### What needs to be done
From the material below, set down exactly the lines that run from the one containing "V1 Carp – Extra: extra" to the one containing "This stylish knitted", minus the pictures.

### Records provided
Content starts

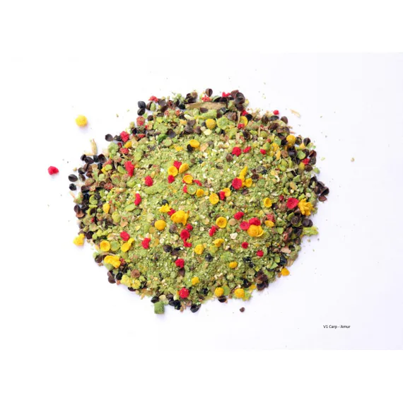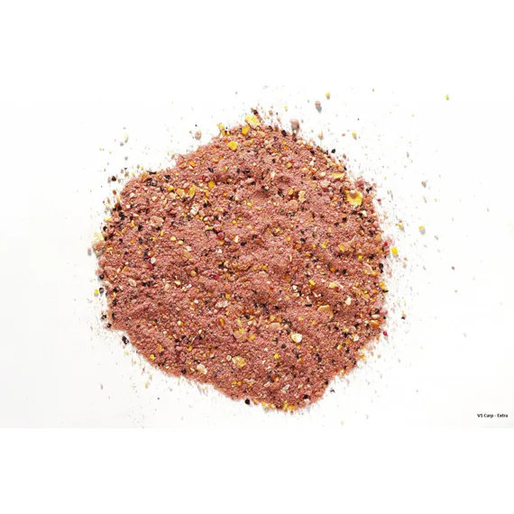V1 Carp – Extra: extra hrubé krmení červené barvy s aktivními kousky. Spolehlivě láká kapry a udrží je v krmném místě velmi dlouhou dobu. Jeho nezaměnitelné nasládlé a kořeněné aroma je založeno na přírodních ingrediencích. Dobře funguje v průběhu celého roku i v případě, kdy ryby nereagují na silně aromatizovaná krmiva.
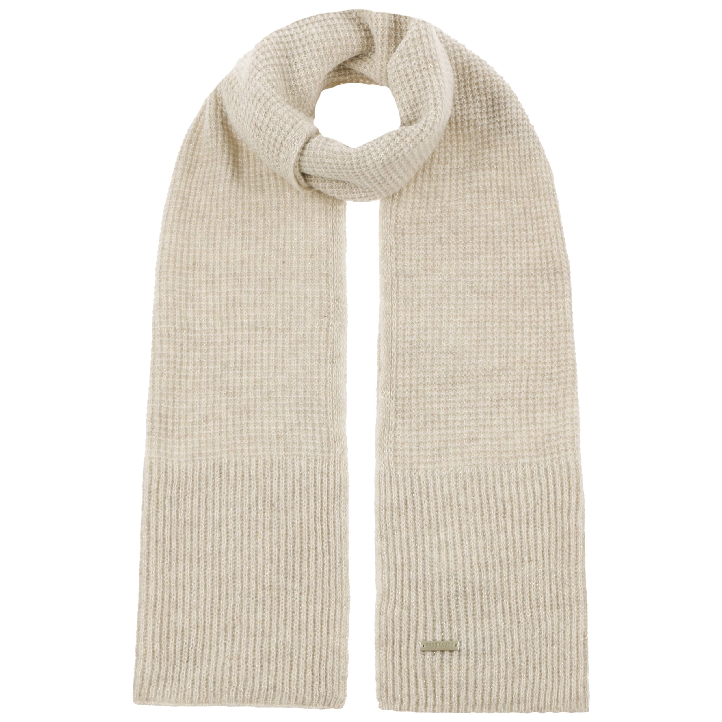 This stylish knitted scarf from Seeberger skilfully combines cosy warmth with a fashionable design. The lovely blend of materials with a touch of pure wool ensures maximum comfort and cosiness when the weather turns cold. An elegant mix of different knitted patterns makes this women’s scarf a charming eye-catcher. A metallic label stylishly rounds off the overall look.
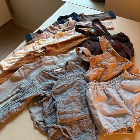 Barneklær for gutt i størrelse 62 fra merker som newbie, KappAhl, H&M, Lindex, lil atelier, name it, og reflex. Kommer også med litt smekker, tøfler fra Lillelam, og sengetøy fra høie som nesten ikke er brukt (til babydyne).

Content ends
Content starts

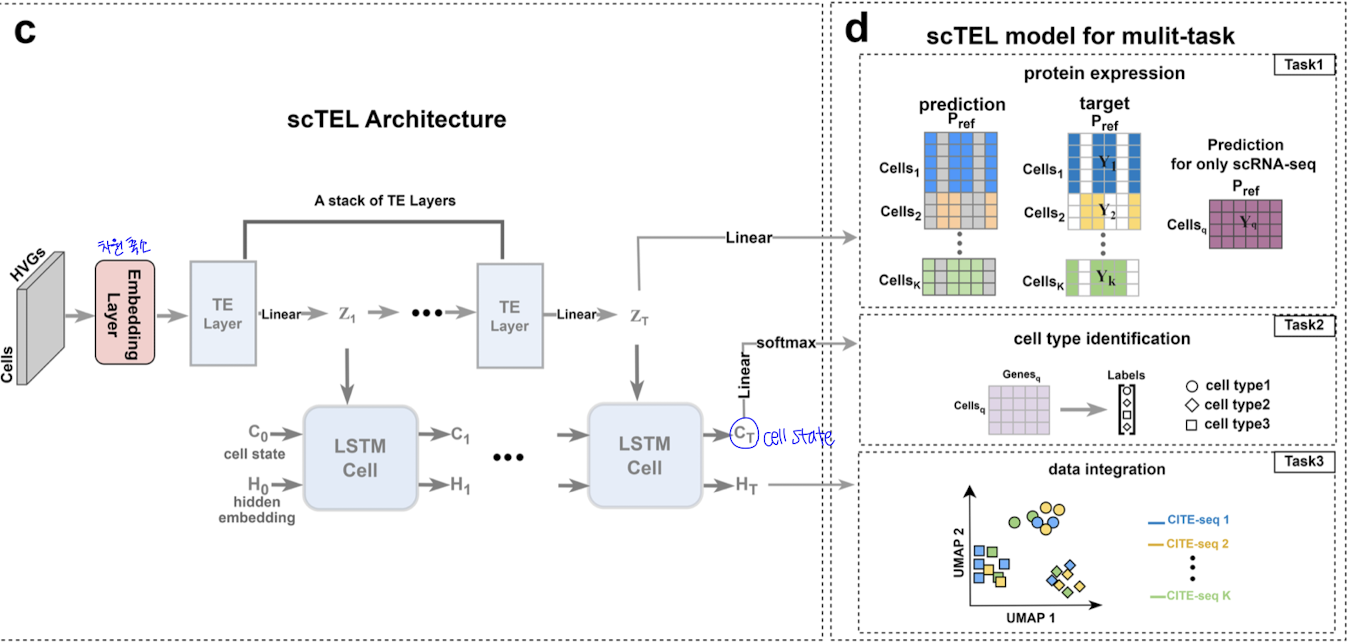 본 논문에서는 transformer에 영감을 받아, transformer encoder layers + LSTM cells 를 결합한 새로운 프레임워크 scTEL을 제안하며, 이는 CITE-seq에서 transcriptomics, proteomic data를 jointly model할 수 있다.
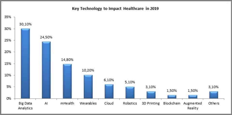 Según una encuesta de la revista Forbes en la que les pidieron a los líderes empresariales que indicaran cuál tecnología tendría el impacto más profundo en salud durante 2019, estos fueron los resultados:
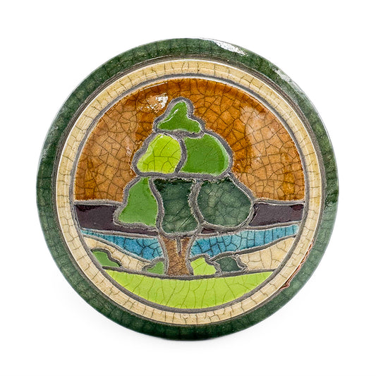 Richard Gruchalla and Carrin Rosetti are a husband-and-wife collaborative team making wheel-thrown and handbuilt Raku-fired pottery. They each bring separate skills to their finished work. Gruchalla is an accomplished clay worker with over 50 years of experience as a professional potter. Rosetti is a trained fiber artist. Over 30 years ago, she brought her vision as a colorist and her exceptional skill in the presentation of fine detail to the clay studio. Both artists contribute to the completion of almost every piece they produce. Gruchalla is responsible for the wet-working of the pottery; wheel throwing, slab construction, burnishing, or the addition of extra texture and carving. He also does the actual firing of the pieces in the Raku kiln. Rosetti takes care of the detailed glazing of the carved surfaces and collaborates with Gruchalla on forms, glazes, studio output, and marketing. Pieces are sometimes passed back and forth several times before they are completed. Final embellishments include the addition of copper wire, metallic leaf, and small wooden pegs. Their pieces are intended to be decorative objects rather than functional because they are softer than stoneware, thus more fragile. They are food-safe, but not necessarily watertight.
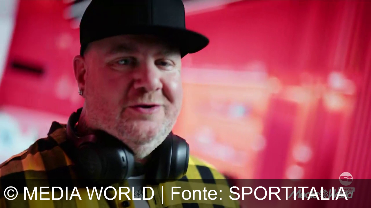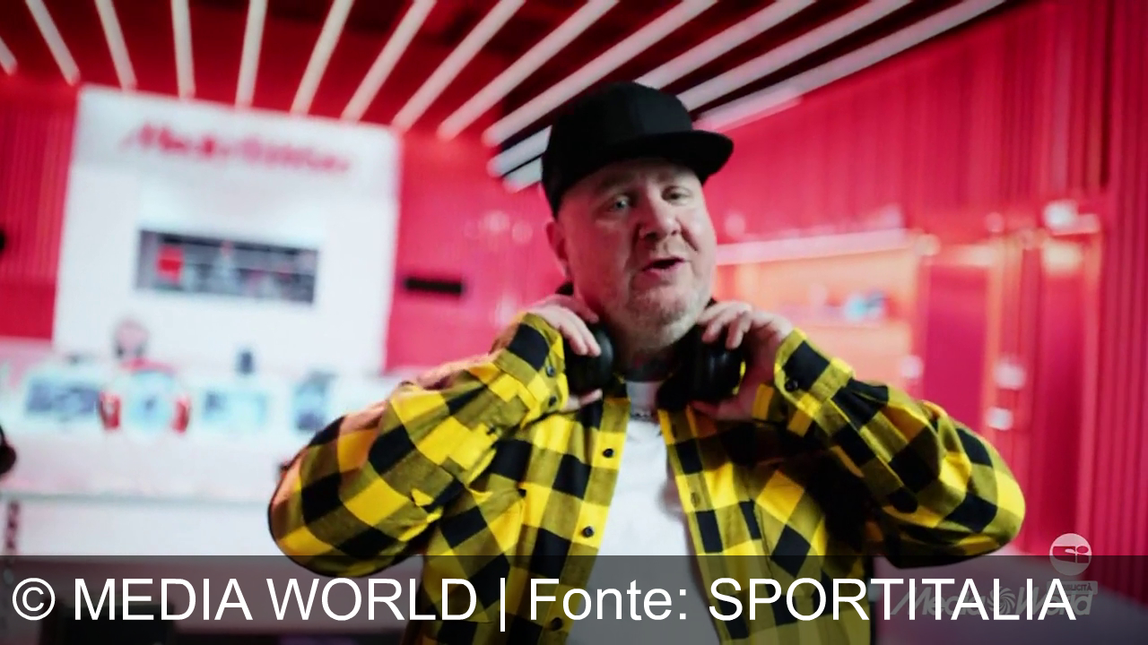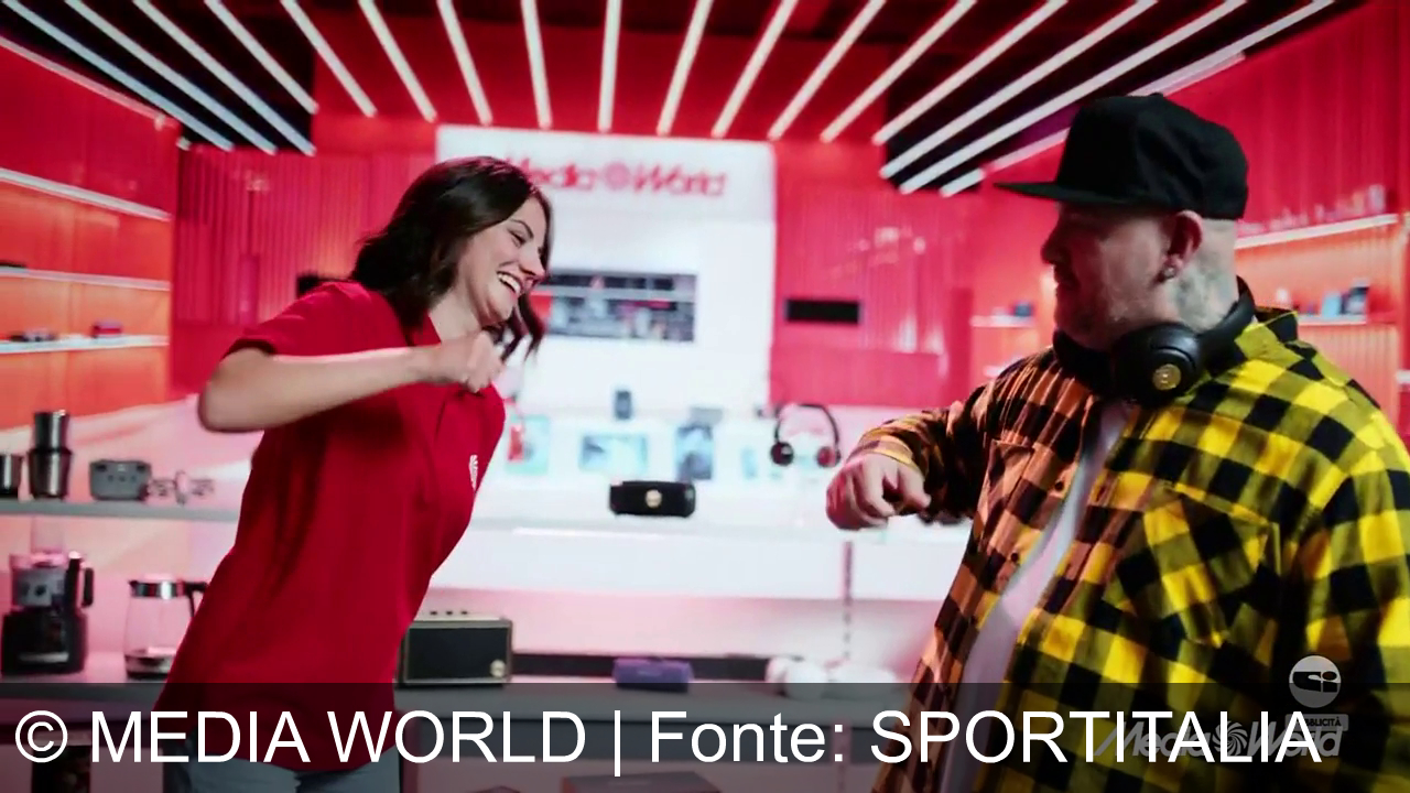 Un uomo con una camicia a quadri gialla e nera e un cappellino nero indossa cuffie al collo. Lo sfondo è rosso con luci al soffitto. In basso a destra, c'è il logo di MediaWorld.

Content ends

### Answer for the task
V1 Carp – Extra: extra hrubé krmení červené barvy s aktivními kousky. Spolehlivě láká kapry a udrží je v krmném místě velmi dlouhou dobu. Jeho nezaměnitelné nasládlé a kořeněné aroma je založeno na přírodních ingrediencích. Dobře funguje v průběhu celého roku i v případě, kdy ryby nereagují na silně aromatizovaná krmiva.
 This stylish knitted scarf from Seeberger skilfully combines cosy warmth with a fashionable design. The lovely blend of materials with a touch of pure wool ensures maximum comfort and cosiness when the weather turns cold. An elegant mix of different knitted patterns makes this women’s scarf a charming eye-catcher. A metallic label stylishly rounds off the overall look.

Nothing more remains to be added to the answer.